Assignment: Leaving out each picture, transcribe the lines of the listing below exactly from the first through the line that contains "Trước đó, đám".

Available data:
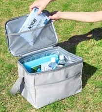 アウトドアや毎日のお買い物にも使えます。フタの内側に保冷剤(別売り)が入れられます。使わない時はコンパクトに折りたためます。
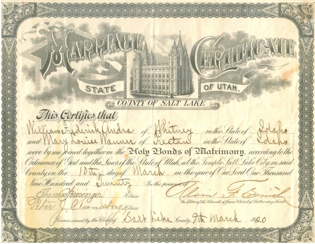 Mary married William Andra 10 March 1920 in the Salt Lake City LDS Temple.
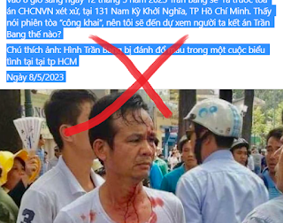 Trước đó, đám chống phá nhà nước cũng thông tin về phiên tòa xét xử Trần Bang, đăng trên trnag Việt Nam Thời Báo với giọng điệu hệt như Mạn Văn Trang, rằng “Anh Bang bị bắt vì yêu nước chống TQ – điều 117 cũ”, “Từ khi dấn thân vào con đường đấu tranh cho nhân quyền anh thừa biết anh sẽ bị bắt. Anh đã chuẩn bị cho điều đó bằng nụ cười an nhiên rồi. Phiên xử người yêu nước…Xin cộng đồng quan tâm”.
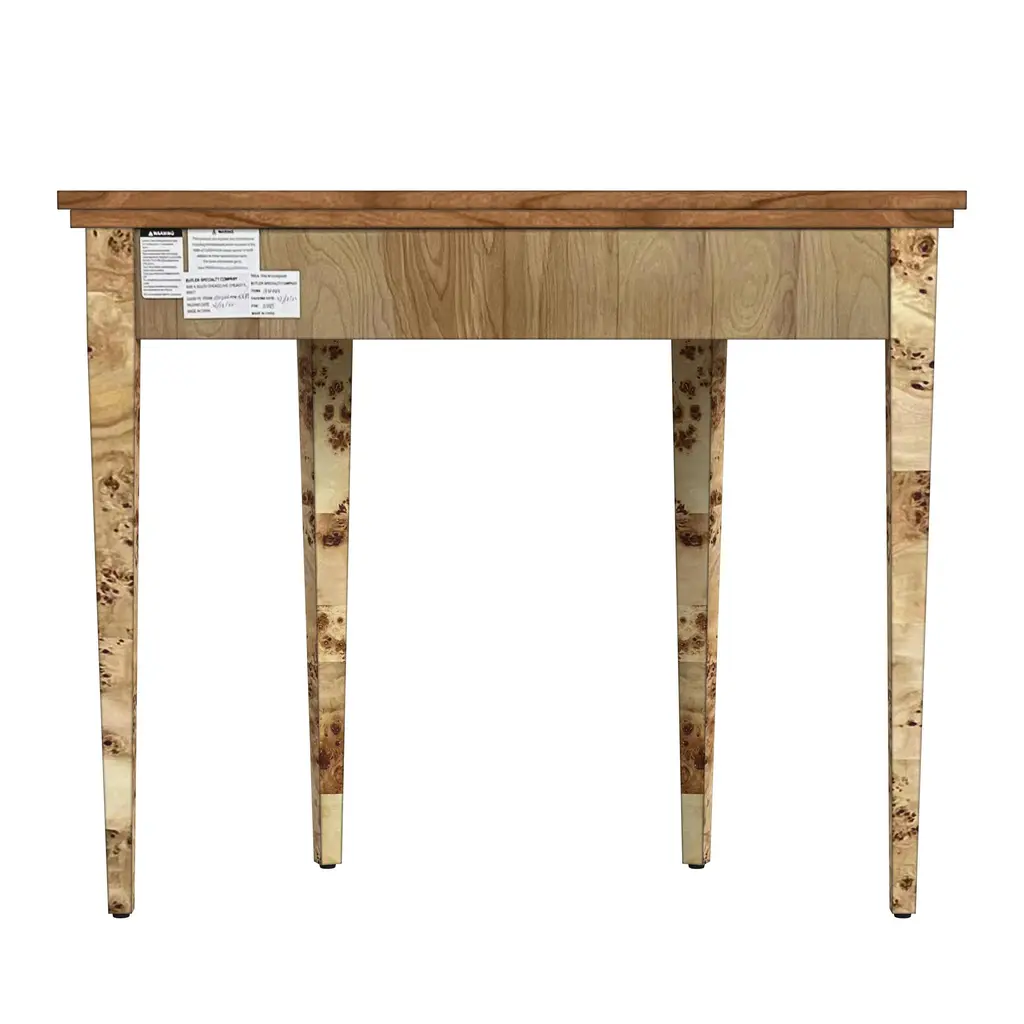 With simple lines, traditional styling and demilune shape, this elegant console table will enhance your space for years to come. Crafted from select solid Woods and choice veneers, this classic design boasts a rich Cherry finish and a beautiful cherry veneer top with a maple veneer inset border. The front apron and tapered legs are adorned with lovely carved details. It is the perfect addition in the living room, hall or entryway. Durably Constructed With: Rubberwood Solids,MDF, Burl Wood Veneer from Cherry and Maple Product Assembled Measurement & Weight: 30.25" H x 36.0" W x 14.25" D -- 26.0 lbs. 120 lbs. Suggested weight capacity Item Arrives: Needs Assembly Wood, like all natural materials, has inherent disparities in color and grain pattern. Variations in shade and markings are normal and can be expected with the natural materials used in the construction of this product. Photo may slightly differ from actual item in terms of color/finish due to the lighting during photo shoot or the monitor's display.
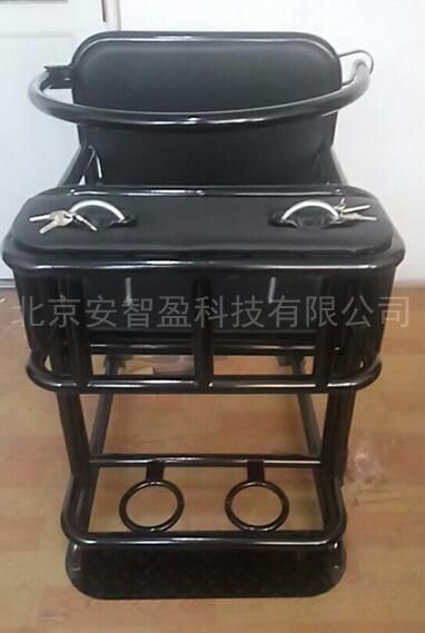 11.特性:无棱角更安全,手部采用优*质的U型锁,脚部为弹簧设计的锁扣,安全可靠,方便。可固定与地面上,安*全带设计更为人性化;座位处及锁手处面板为加厚钢板,锁具为钥匙型,钥匙通用(特制),椅子后部有弹簧开关,掰动开关脚部锁具自动打开,使用中无需配备其它任何锁具,靠背有胸带。

Solution:
 アウトドアや毎日のお買い物にも使えます。フタの内側に保冷剤(別売り)が入れられます。使わない時はコンパクトに折りたためます。
 Mary married William Andra 10 March 1920 in the Salt Lake City LDS Temple.
 Trước đó, đám chống phá nhà nước cũng thông tin về phiên tòa xét xử Trần Bang, đăng trên trnag Việt Nam Thời Báo với giọng điệu hệt như Mạn Văn Trang, rằng “Anh Bang bị bắt vì yêu nước chống TQ – điều 117 cũ”, “Từ khi dấn thân vào con đường đấu tranh cho nhân quyền anh thừa biết anh sẽ bị bắt. Anh đã chuẩn bị cho điều đó bằng nụ cười an nhiên rồi. Phiên xử người yêu nước…Xin cộng đồng quan tâm”.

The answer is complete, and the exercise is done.